С июня 2000 года и по апрель 2005-го Сергей Гальченко возглавлял Национальный музей Тараса Шевченко. То, что музей был привлечен к работе над академическим изданием, не в последнюю очередь обусловлено желанием реализовать давно назревшую потребность объединить Институт литературы им. Т.Г.Шевченко и Национальный музей Тараса Шевченко, которые с 1926 года составляли единое целое — Институт Тараса Шевченко. Со временем два отдела института — рукописный и мемориальный — разъединили: отдел рукописей стал базой для Института литературы, а мемориальный — Музея Тараса Шевченко.

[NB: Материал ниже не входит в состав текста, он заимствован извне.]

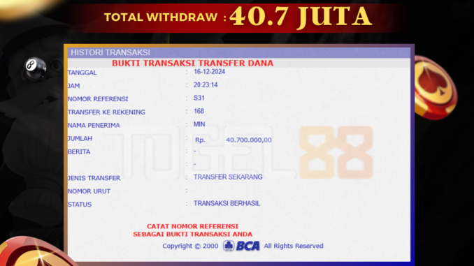 TOGEL88 mengucapkan selamat kepada user id : DIO*** yang telah berhasil mendapatkan jackpot pada permainan LIVE CASINO DI SICBO DICE. Kemenangan sebesar Rp 40.700.000,-. telah dibayarkan LUNAS oleh pihak TOGEL88 kepada pemilik user id setelah yang bersangkutan mengisi formulir withdraw. Proses pencairan dana berlangsung sangat cepat hanya dalam waktu 5-10 menit sudah berada dalam rekening pemilik user id. Bukti transfer yang dapat anda lihat adalah bukti SAH / VALID yang langsung di dapatkan melalui bukti transaksi dari Bank yang digunakan untuk pengiriman dana pada rekening pemilik user id. Terima kasih kami sampaikan kepada para pengguna setia TOGEL88 yang telah menggunakan situs kami, sebagai Bandar Terpercaya yang pastinya membayar semua kemenangan member hingga lunas. Apakah TOGEL88 PENIPU ? Reputasi “TOGEL88 TERPERCAYA” sudah sangat melekat. puluhan hingga ratusan ribu pengguna setia TOGEL88 tetap menggunakan situs terbesar dan terbaik di Indonesia ini. Hapus rasa was-was dan khawatir anda, kemenangan anda berapapun PASTI dibayarkan hingga lunas.

Планы у Сергея Гальченко были масштабные: хотелось переделать старую и «побронзовевшую» экспозицию, сделать ее динамичной и современной, уравновесить литературную и художественную составляющие музея, представить залы, которые бы экспонировали исключительно художественные произведения Тараса Шевченко. Поскольку графика и акварели могут экспонироваться в течение пяти лет лишь один месяц, то планировалось ежемесячно частично обновлять экспозицию, чтобы показать оригиналы всех произведений Тараса Шевченко, хранившиеся в запасниках. Был издан в факсимильном варианте альбом 1845 года, в дальнейшем планировалось издать все художественные альбомы Шевченко. Также Музей Шевченко должен был стать настоящим культурным центром с презентациями, музыкальными и литературными вечерами, приглашением политической и культурной элиты государства, представителей дипломатических представительств — собственно, тем, чем и должен быть в цивилизованном государстве музей человека, имя которого в мире — синоним Украины. Кстати, именно благодаря усилиям С.Гальченко музей получил статус национального, а также статус научного учреждения, которым он по сути лишь должен был стать в будущем.

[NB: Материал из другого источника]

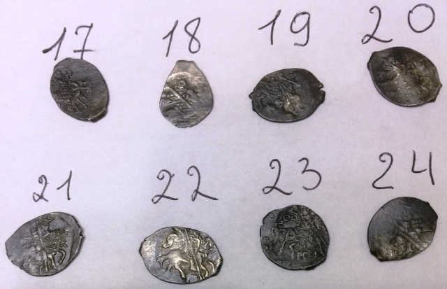 QUOTE(Zlatokydr @ Aug 26 2019, 23:22) 1. Иван Грозный, псковская копейка, КГ 93. Простая. 2. Новгородская копейка времени шведской оккупации Новгорода, КГ 325. Простая, но поинтереснее остальных, но состояние слабовато... около сотни или чуть больше. 3. Московская денга Василия III, ГП 3202 С (8-я степень редкости)... Состояние - никакое. Цена металла... 4. Новгородская копейка Грозного, КГ 87. Простая. 5. Московская копейка Михаила Федоровича, КГ 340. Простая. 6. Копейка Алексея Михайловича. Обычная. -------------------- Продажа бон мира и средневековых монет по фиксу (Орда, чешуя и др.) - смотреть в моих темах.

В государственном бюджете нашлись средства на ремонт музея, который и начали. Но новаторским замыслам осуществиться не удалось: внутри музея начались междоусобицы, и Сергей Гальченко вынужден был оставить пост директора музея. К этой истории мы еще со временем вернемся.

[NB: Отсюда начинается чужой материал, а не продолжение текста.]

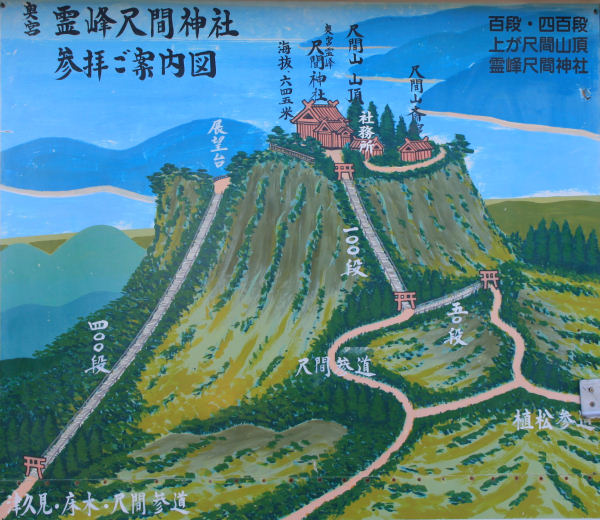 山頂の尺間神社の図

То, что в проекте академического издания касалось литературного наследия, сделали оперативно и качественно: в течение 2000—2003 годов было издано шесть первых томов. Сергей Гальченко: «Для того, чтобы иметь право называться шевченковедом и готовить переиздание наследия Шевченко, нужно исследовать оригиналы его произведений не год, не пять и не десять лет. Иногда существенные уточнения текстов делаются после того, как текстологи готовят по два-три переиздания «Кобзаря»! В украинской литературе до сегодняшнего дня не было академического издания ни одного писателя, таковым нельзя считать и шеститомное полное собрание сочинений Шевченко 1963—1964 годов. С того времени шевченковедение пошло далеко вперед.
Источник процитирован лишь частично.